ブラウンの瞳の目を驚愕のあまり見開くアリスを意図的に無視して、ローズマリーは淡々と説明を続ける。
「こちらからの交渉を持ちかけるという事は相手からすれば宣戦布告を告げられているようなもの。害そうとしている獲物の1人がのこのこと姿を現せば、でしょう?」
「そんな状況に娘さんを送り出していいんですか?」
「ええ、アレは見た目ほどヤワではなくてよ。何よりわたくしの鈍重な体は戦場ではただの土嚢にもなりませんわ」
土嚢にもならないと言ってみせたローズマリーの言葉を受けたアリスはさりげなく自分の体を見下ろす。
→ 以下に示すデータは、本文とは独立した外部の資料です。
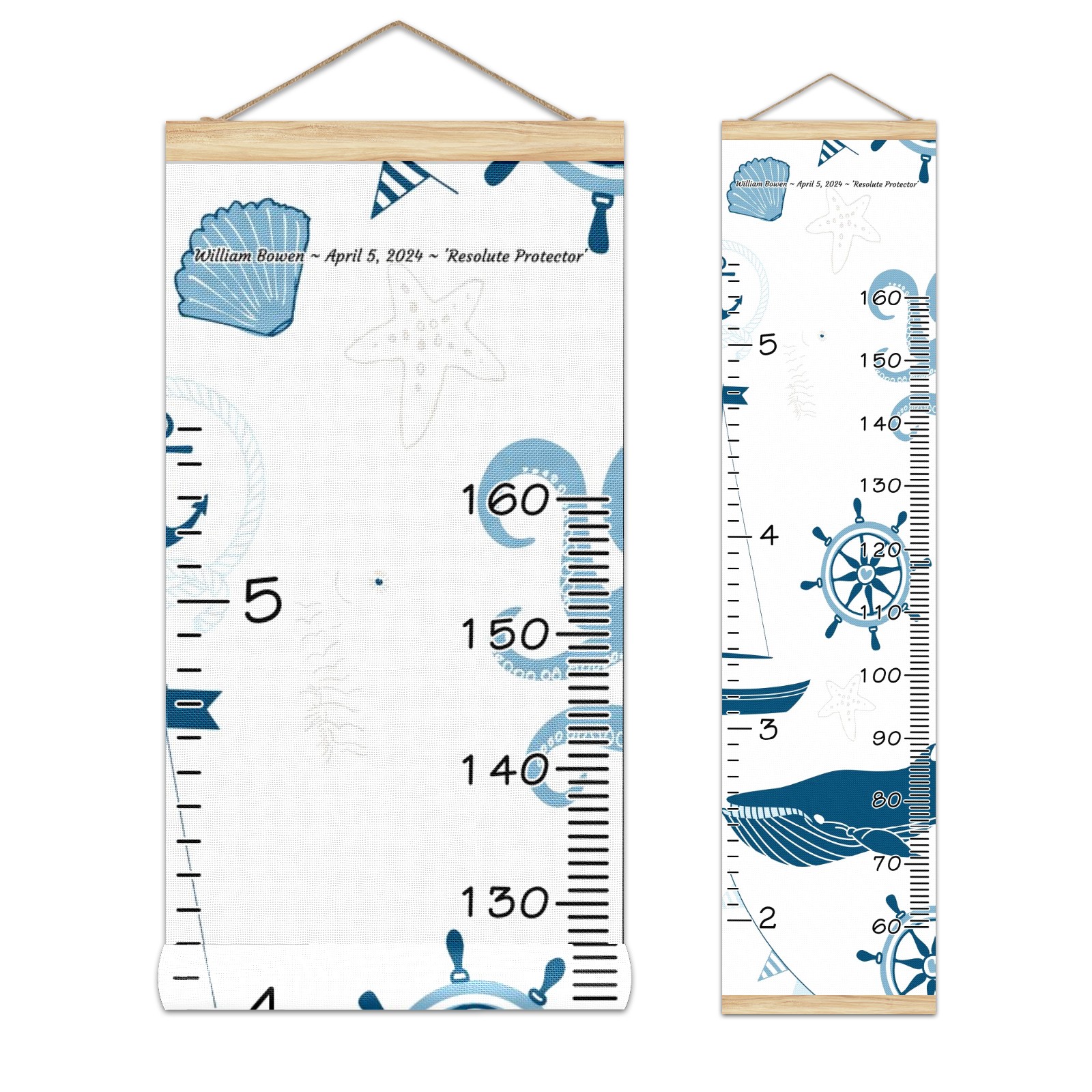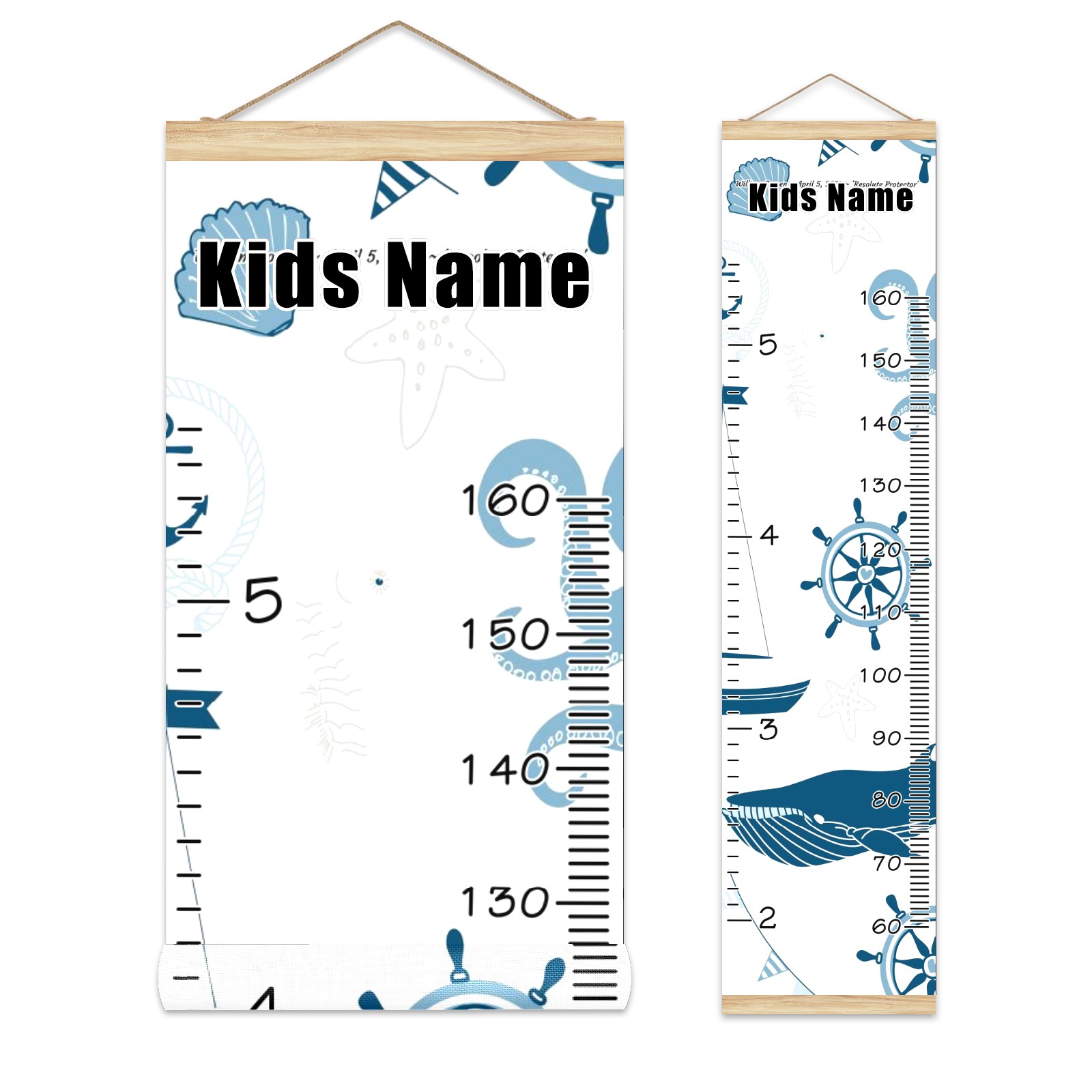 Personalized Kids Name Growth Chart Ruler for Wall Wood Frame Canvas Height Measure Chart 13.4x56 in Hanging Growth Chart Nautical Lighthouse Sailboat3.24-1 Boys Girls Room Decor

ストンとと視線が落ちるほどに平ら、であれば良かったのに少女の体はどことなく抉れていた。出るところは出ていて引っ込むところは引っ込んでいるローズマリーとは真逆と言ってもいいほどに。
この世の理不尽さにどことなく顔立ちの作りが違う少女は必死に引きつりそうになる表情筋に抗う。
東洋人がルーツの自分と白人のローズマリーとは体のつくりが違うのは理解している。それでも1人の女としてのプライドがアリスに抗えと囁くのだ。
まだ私は成長期、そんな便利な言葉と共に。